Nous sommes fiers de la reconnaissance qui nous a été témoignée, et nous utiliserons ce financement pour multiplier les projets et les initiatives en lien avec le dispositif Ecomuseo. Nous avons l’intention de rallier un plus grand nombre de centres de réhabilitation psychiatrique, l’objectif ultime étant de faire en sorte que l’ensemble du public soit sensibilisé à l’importance de rendre le patrimoine culturel plus accessible.

En Italie, la protection sociale en faveur des personnes handicapées a subi plus de 10 millions d’EUR de coupes sur deux ans, en 2018 et 2019, et la loi dite «Dopo di noi» – «quand nous ne serons plus là» –, qui prévoit la prise en charge de ces personnes par la protection sociale lorsqu’elles n’ont plus de famille pour s’occuper d’elles, semble n’être opérationnelle que dans quatre régions seulement.

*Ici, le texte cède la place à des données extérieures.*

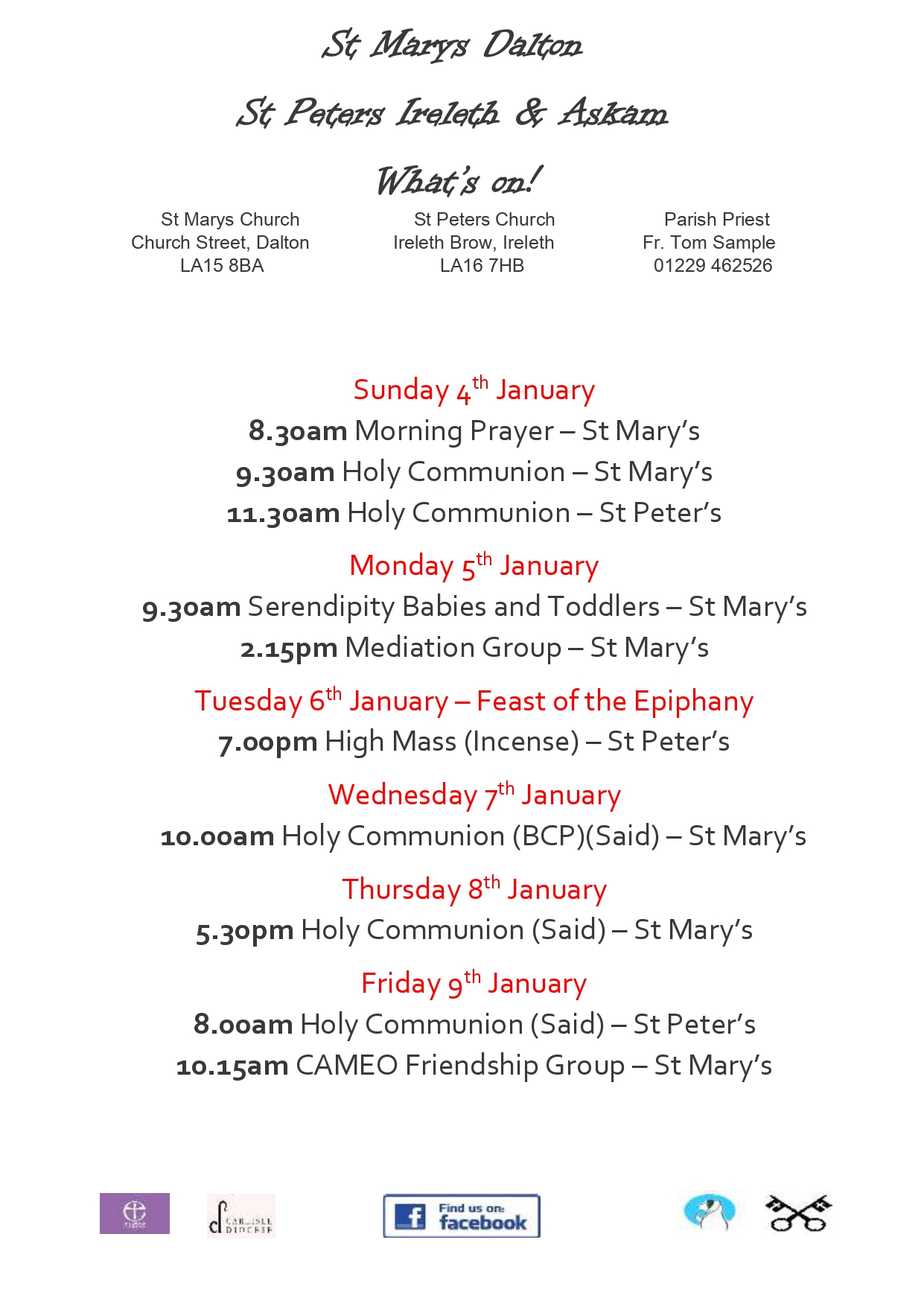 Please click the image below for service details for w/b 11th Jan. We'd love to see you!
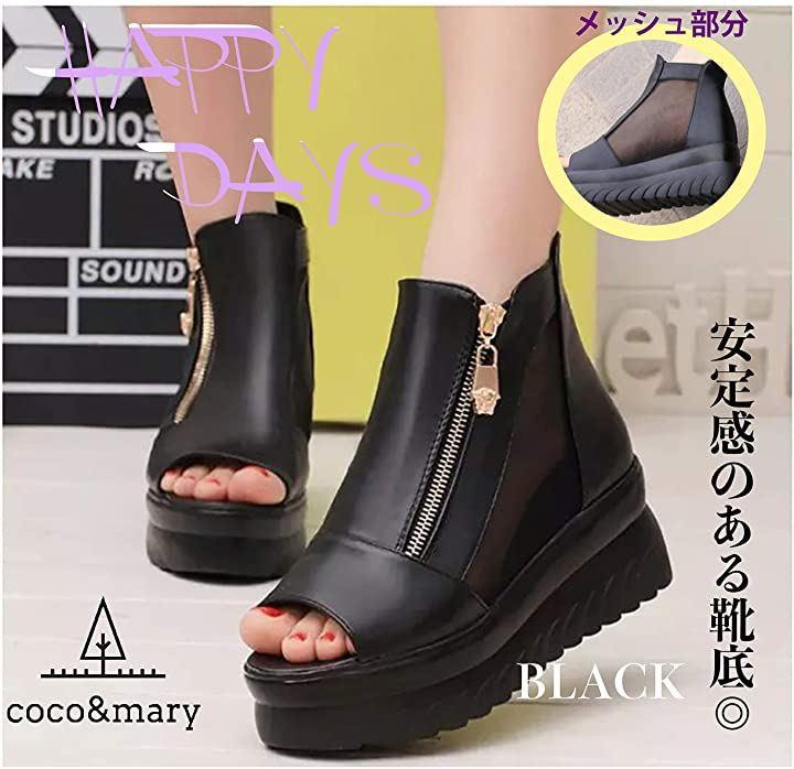 サイドがメッシュ素材で涼しげ*オープントゥでおしゃれな足元を演出。

Dans ce contexte, quelle signification ce prix revêt-il pour vous?

La reconnaissance que nous avons reçue grâce au prix du CESE est d’autant plus importante à la lumière du cadre juridique italien, qui reste insuffisamment attentif aux besoins des personnes ayant un handicap, et qui laisse beaucoup à désirer pour ce qui est de leur protection. Un tel «vide» réglementaire apparaît d’autant plus inacceptable compte tenu de la situation sociale actuelle, en particulier depuis ces dernières années, situation qui réclame incessamment que les institutions portent un regard plus attentif sur des besoins que l’on peut à l’évidence qualifier de droits fondamentaux de l’homme, tels qu’ils sont inscrits dans la constitution italienne et mis en avant dans la législation européenne.

Le fait que ce prix soit si prestigieux est révélateur de la sensibilisation grandissante à une condition – celle des troubles de la santé mentale – qui continue d’être lourdement stigmatisée, et adresse un message significatif d’inclusion et de solidarité, à la société civile au sens large, mais aussi, plus spécifiquement, au monde du handicap. En servant pour nous de catalyseur pour persévérer dans la conduite d’actions pionnières visant à inclure d’autres formes d’accompagnement, ce prix donne l’image d’un pays qui défend la solidarité et l’inclusion, et il témoigne d’une adhésion claire aux valeurs de l’Union européenne.